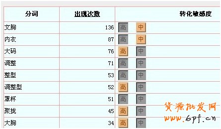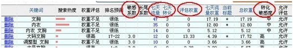 例如對于一款大碼文胸,大碼、大胸是轉(zhuǎn)化敏感度高的,而文胸、內(nèi)衣是轉(zhuǎn)化敏感度偏中等的。雖然量子數(shù)據(jù)能看出哪些關(guān)鍵詞帶來了轉(zhuǎn)化,但有許多偶然轉(zhuǎn)化的原因非常復雜,不一定與寶貝相關(guān)(有些轉(zhuǎn)化詞甚至是完全無關(guān)的),而許多未有轉(zhuǎn)化數(shù)據(jù)或者未有流量的關(guān)鍵詞卻很有高轉(zhuǎn)化潛力。因此轉(zhuǎn)化敏感度不能通過量子數(shù)據(jù)判斷,必須人工評估。
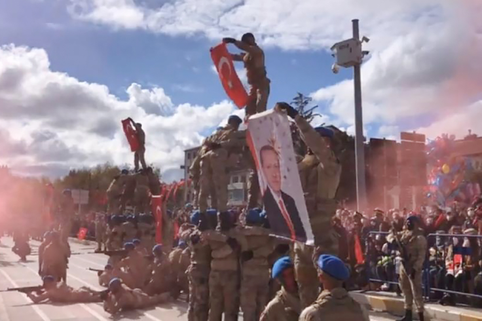 خلال إحدى احتفالات عيد الجمهورية التي أقيمت الجمعة في ولاية كاستامونو، رفعت قوات الكوماندوز ملصق رئيس حزب العدالة والتنمية الرئيس التركي، رجب طيب أردوغان.
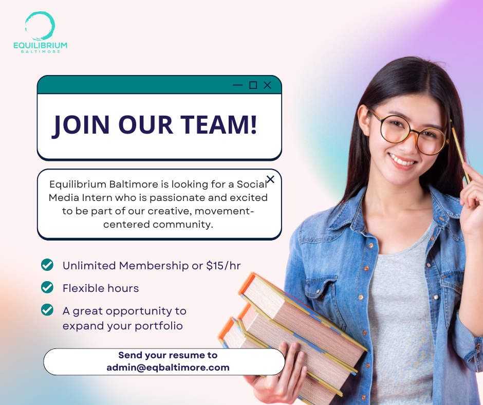 Equilibrium Baltimore is looking for a creative, reliable, and passionate Social Media Intern to help us grow our digital presence and share the magic of our movement-based wellness community.
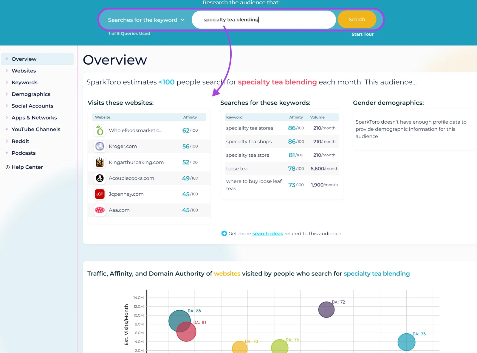 了解受众在哪里上网是成功的一半。SparkToro 是一款简单易用的工具,它可以显示潜在客户会访问的网站、社交账户和播客。
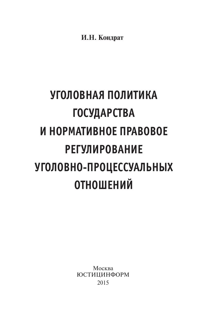 Уголовная политика государства и нормативное правовое регулирование уголовно процессуальных отношений: монография
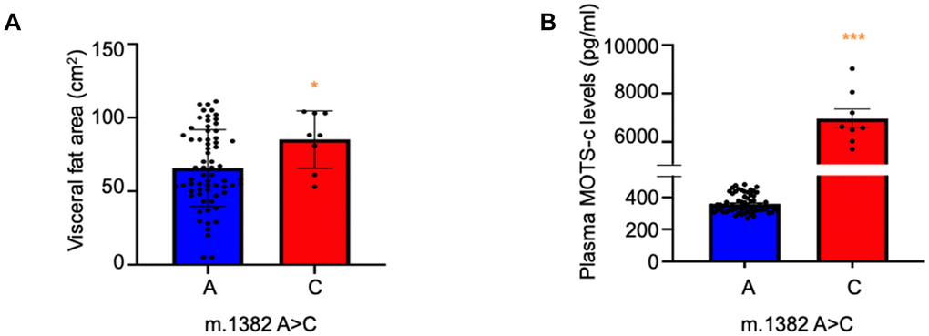 This study was approved by the ethical committee of the Faculty of Medicine at the University of Tsukuba, conformed to the principles outlined in the Helsinki Declaration, and all participants were provided written informed consent before inclusion. Participants were recruited through local newspaper advertisements and personal contacts around Tsukuba-city in Japan. A total of 75 subjects (age range: 43-80 years old) were included in the analyses. Visceral fat area was measured using the dual-impedance analysis method (HSD-2000; Omron Healthcare, Kyoto, Japan) [51]. Blood samples were taken in the morning after 12-h overnight fast. Total DNA was isolated form plasma samples by using QIAamp DNA Blood Mini Kit (Qiagen, Hilden, Germany), according to the manufacturer’s instructions. m.1382A>C (rs111033358) polymorphism was analyzed by digital droplet PCR mutation detection assays according to the manufacturer’s instruction (Biorad, Cat#10049047).
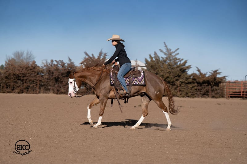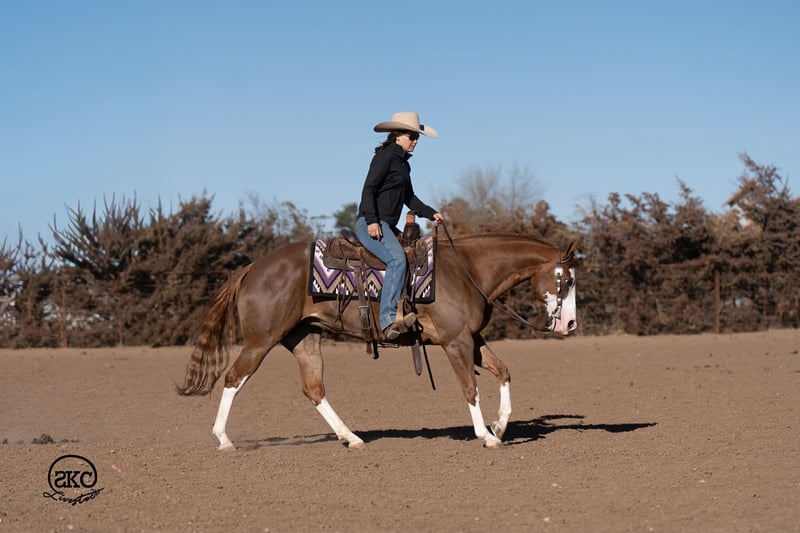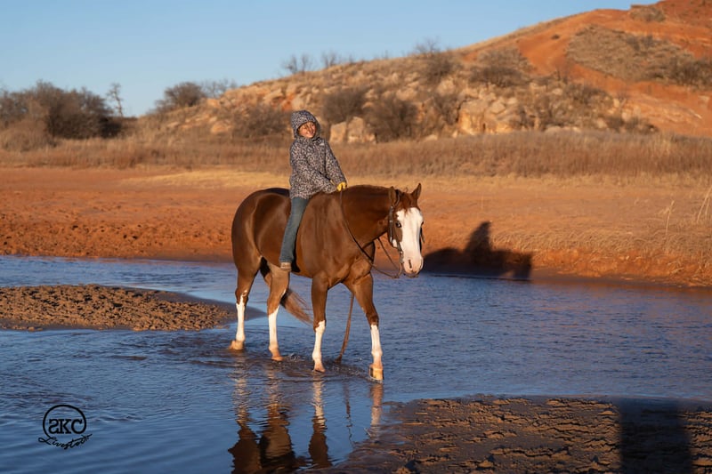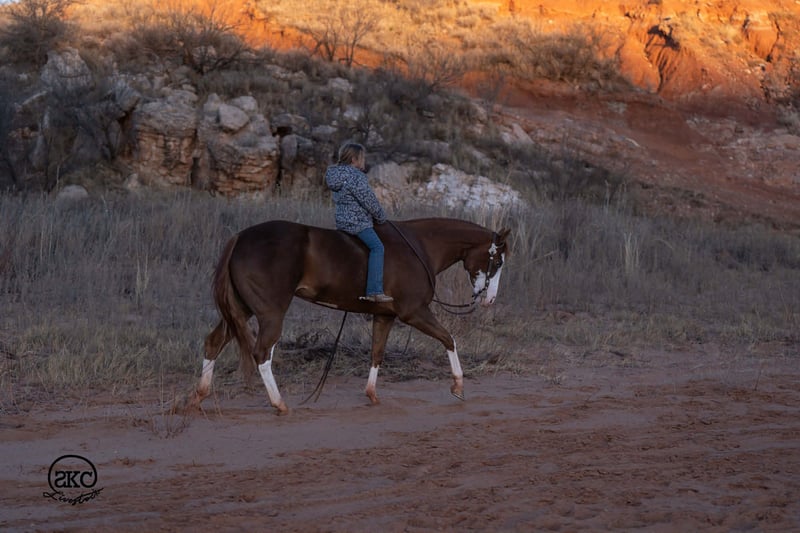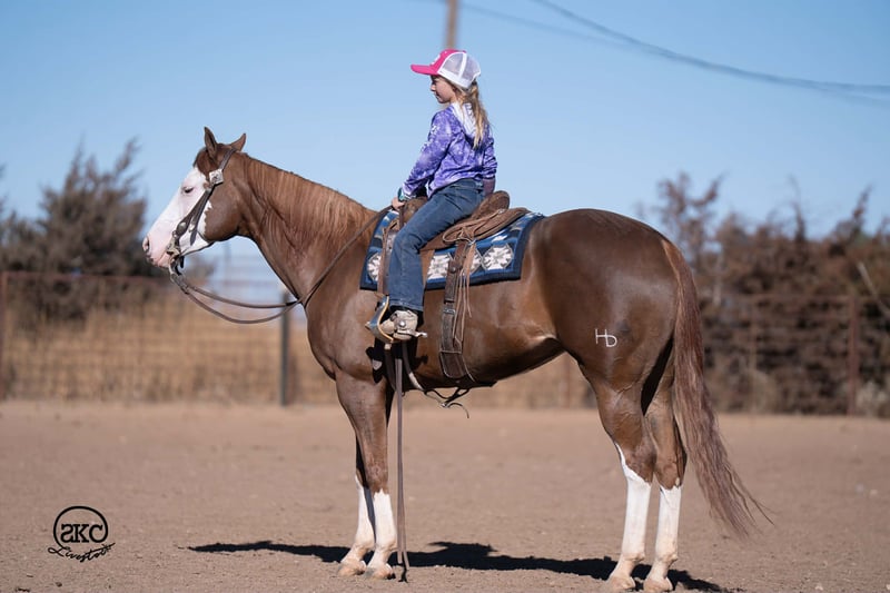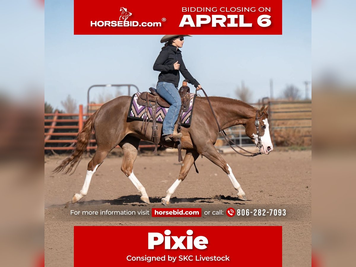 🌟𝑨𝒑𝒓𝒊𝒍 𝐀𝐋𝐋 𝐒𝐓𝐀𝐑 𝐋𝐈𝐍𝐄𝐔𝐏🌟 Happening now thru MONDAY | APRIL 6th - Available EXCLUSIVELY on HorseBid's website! For more details and to register visit: www.Horsebid.com CONSIGNOR CONTACT: SKC Livestock 806-282-7093 LOCATION: Canyon, TX BREED: Quarter Horse REGISTERED: Yes REGISTERED NAME: A Brown Eyed Girl COLOR: Sorrel HEIGHT: 15 AGE: 6 GENDER: Mare Allow us to introduce, A Brown Eyed Girl aka Pixie a gorgeous, double registered sorrel mare that has been successfully shown and has won money in the ranch classes. She has all the chrome and eye appeal you could possibly put on one and to top it off she was raised by Hilldale Farm. Pixie is sired by Heavy Duty Chex earner of over 140k and out of a daughter of the great Colonels Smoking Gun. Pixie is a beautiful mover and is broke to death. She has a stylish long trot, a nice jog and she circles pretty. This flashy lady spins both directions side passes both ways and is light in her face and says soft as butter. This is a horse you can leave off for any amount of time and not have to worry about she will stay the same quiet, kind and gentle ride on even the coldest stays. Pixie is an old soul and has been a favorite for our little ones and the more novice riders around our barn. We have rode Pixie outside extensively to both trail ride and to gather cattle, she crosses water, and rocky terrain with ease, she’s even quiet and safe to ride through our busy little town. Pixie has no spook or bad habits and is extremely versatile. We have tried hard to find her limits and just never seem to, she has a huge heart and a tremendous amount of try. We have rode her everyday possible, bareback, double, triple, English western heck we have even used her to pony some colts she never tells you no. Pixie has a sweet personality she likes people and likes attention but still has the perfect manners. This is truly a dream horse, please call us with any questions.

**Work required**
Reproduce the data above word for word, but leave the images out.

**Result below**
 例如對于一款大碼文胸,大碼、大胸是轉(zhuǎn)化敏感度高的,而文胸、內(nèi)衣是轉(zhuǎn)化敏感度偏中等的。雖然量子數(shù)據(jù)能看出哪些關(guān)鍵詞帶來了轉(zhuǎn)化,但有許多偶然轉(zhuǎn)化的原因非常復雜,不一定與寶貝相關(guān)(有些轉(zhuǎn)化詞甚至是完全無關(guān)的),而許多未有轉(zhuǎn)化數(shù)據(jù)或者未有流量的關(guān)鍵詞卻很有高轉(zhuǎn)化潛力。因此轉(zhuǎn)化敏感度不能通過量子數(shù)據(jù)判斷,必須人工評估。
 خلال إحدى احتفالات عيد الجمهورية التي أقيمت الجمعة في ولاية كاستامونو، رفعت قوات الكوماندوز ملصق رئيس حزب العدالة والتنمية الرئيس التركي، رجب طيب أردوغان.
 Equilibrium Baltimore is looking for a creative, reliable, and passionate Social Media Intern to help us grow our digital presence and share the magic of our movement-based wellness community.
 了解受众在哪里上网是成功的一半。SparkToro 是一款简单易用的工具,它可以显示潜在客户会访问的网站、社交账户和播客。
 Уголовная политика государства и нормативное правовое регулирование уголовно процессуальных отношений: монография
 This study was approved by the ethical committee of the Faculty of Medicine at the University of Tsukuba, conformed to the principles outlined in the Helsinki Declaration, and all participants were provided written informed consent before inclusion. Participants were recruited through local newspaper advertisements and personal contacts around Tsukuba-city in Japan. A total of 75 subjects (age range: 43-80 years old) were included in the analyses. Visceral fat area was measured using the dual-impedance analysis method (HSD-2000; Omron Healthcare, Kyoto, Japan) [51]. Blood samples were taken in the morning after 12-h overnight fast. Total DNA was isolated form plasma samples by using QIAamp DNA Blood Mini Kit (Qiagen, Hilden, Germany), according to the manufacturer’s instructions. m.1382A>C (rs111033358) polymorphism was analyzed by digital droplet PCR mutation detection assays according to the manufacturer’s instruction (Biorad, Cat#10049047).
 🌟𝑨𝒑𝒓𝒊𝒍 𝐀𝐋𝐋 𝐒𝐓𝐀𝐑 𝐋𝐈𝐍𝐄𝐔𝐏🌟 Happening now thru MONDAY | APRIL 6th - Available EXCLUSIVELY on HorseBid's website! For more details and to register visit: www.Horsebid.com CONSIGNOR CONTACT: SKC Livestock 806-282-7093 LOCATION: Canyon, TX BREED: Quarter Horse REGISTERED: Yes REGISTERED NAME: A Brown Eyed Girl COLOR: Sorrel HEIGHT: 15 AGE: 6 GENDER: Mare Allow us to introduce, A Brown Eyed Girl aka Pixie a gorgeous, double registered sorrel mare that has been successfully shown and has won money in the ranch classes. She has all the chrome and eye appeal you could possibly put on one and to top it off she was raised by Hilldale Farm. Pixie is sired by Heavy Duty Chex earner of over 140k and out of a daughter of the great Colonels Smoking Gun. Pixie is a beautiful mover and is broke to death. She has a stylish long trot, a nice jog and she circles pretty. This flashy lady spins both directions side passes both ways and is light in her face and says soft as butter. This is a horse you can leave off for any amount of time and not have to worry about she will stay the same quiet, kind and gentle ride on even the coldest stays. Pixie is an old soul and has been a favorite for our little ones and the more novice riders around our barn. We have rode Pixie outside extensively to both trail ride and to gather cattle, she crosses water, and rocky terrain with ease, she’s even quiet and safe to ride through our busy little town. Pixie has no spook or bad habits and is extremely versatile. We have tried hard to find her limits and just never seem to, she has a huge heart and a tremendous amount of try. We have rode her everyday possible, bareback, double, triple, English western heck we have even used her to pony some colts she never tells you no. Pixie has a sweet personality she likes people and likes attention but still has the perfect manners. This is truly a dream horse, please call us with any questions.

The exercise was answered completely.